# living on a boat in greece



## gemballa

Hi all, next year i aim to sell up, buy a boat to live the dream in the ionian seas !!!
I would like to live half year in uk and other in greece.
would sailing back to uk be a major problem, i would like to live on my boat 12 months. any ideas folks if you have done it ?


----------



## greece4now

Sounds like fun! All set or at planning stage? Always wanted to do that!



gemballa said:


> Hi all, next year i aim to sell up, buy a boat to live the dream in the ionian seas !!!
> I would like to live half year in uk and other in greece.
> would sailing back to uk be a major problem, i would like to live on my boat 12 months. any ideas folks if you have done it ?


----------



## scoobie

gemballa said:


> Hi all, next year i aim to sell up, buy a boat to live the dream in the ionian seas !!!
> I would like to live half year in uk and other in greece.
> would sailing back to uk be a major problem, i would like to live on my boat 12 months. any ideas folks if you have done it ?


Hi, Have not sailed to the Uk but have met people who do that at the marina.
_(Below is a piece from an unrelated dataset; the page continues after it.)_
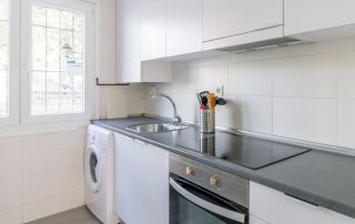La cocina tiene todos los electrodomésticos: lavadora, horno, nevera, microondas, vitrocerámica, cafetera, tostadora….

There are lots of boats for sale in the Ionian at the moment so for sure you could get a bargain at the moment. The reason for this is that any one who earns an income in Greece has to now pay a tax on their boats each year. I think you will have to pay something for being in Greek waters but not sure what it is. Sounds great and i am sure you will love it.


----------



## Costas_GB_and_GR

Catch up with Vas. He sailed a boat from UK to the Ionian (Kefalonia) and he spends considerable time in it . Here is his story Welcome to MondoCosseri.com and Cosseri.com

He is a friend, I am sure he has some tips for you.
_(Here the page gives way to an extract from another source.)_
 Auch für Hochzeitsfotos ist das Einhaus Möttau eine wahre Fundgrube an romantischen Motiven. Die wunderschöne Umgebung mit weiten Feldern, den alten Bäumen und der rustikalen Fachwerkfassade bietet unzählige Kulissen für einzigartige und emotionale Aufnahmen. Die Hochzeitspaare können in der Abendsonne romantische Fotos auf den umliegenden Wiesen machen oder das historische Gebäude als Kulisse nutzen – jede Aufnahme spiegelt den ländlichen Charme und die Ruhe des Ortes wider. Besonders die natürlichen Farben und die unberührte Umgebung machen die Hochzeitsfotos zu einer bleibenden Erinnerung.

Ionian sea and sailing...A fantastic dream that you can make come true...
Read Vas's adventures on bringing the boat to Kefalonia 
Welcome to MondoCosseri.com and Cosseri.com
go to the links and look bat the photos and the story about his odyssey from UK to Kefalonia

See you soon sailing in the Ionian sea...


----------



## greekjock

[

We bought a yacht in Greece 5 years ago & have been sailing the eastern Med. ever since.
You ask about sailing back to the UK Why would you want to do this? 
If you plan to sail in the summer months and return to UK in the winter,there are plenty of places to leave the boat safely.
Buying can be easy.the place is awash with boats for sale,this is partly because the economic situation has priced many people out of owning a boat.Greece is now an expensive country to sail in,compared to a few years ago.
You need to have a good budget if you want to have a decent standard of living,Food,drinks fuel and services all add up.
Having said all that ,it is still a wonderful place to sail.
I would suggest that you charter for a couple of weeks first,to get the feel of the area,the Ionian has plenty of charter boats available .


----------



## gemballa

gemballa said:


> Hi all, next year i aim to sell up, buy a boat to live the dream in the ionian seas !!!
> I would like to live half year in uk and other in greece.
> would sailing back to uk be a major problem, i would like to live on my boat 12 months. any ideas folks if you have done it ?


Thanks Jock,
Realise now would need to buy a vessell in greece and moor/ take out the water in the winter.
I would have to sort out a boat or mobile home then for the uk for the time i am here.
Plenty to think about !


----------



## gemballa

You mention safe areas to leave a boat, where would this be ?
What sort of cost is involved .
Thanx
Ian


----------



## scoobie

Hi
The main marina where we live charges the same in the water as out and is really expensive. Winter price about 350euros a month and summer 450 euros a month. We have our boat in a boat yard, 200euros for the crane to lift it out and move it to the boat yard then 97 euros a month, the boat is just over 10meters. You pay per meter .


----------



## greekjock

scoobie said:


> Hi
> The main marina where we live charges the same in the water as out and is really expensive. Winter price about 350euros a month and summer 450 euros a month. We have our boat in a boat yard, 200euros for the crane to lift it out and move it to the boat yard then 97 euros a month, the boat is just over 10meters. You pay per meter .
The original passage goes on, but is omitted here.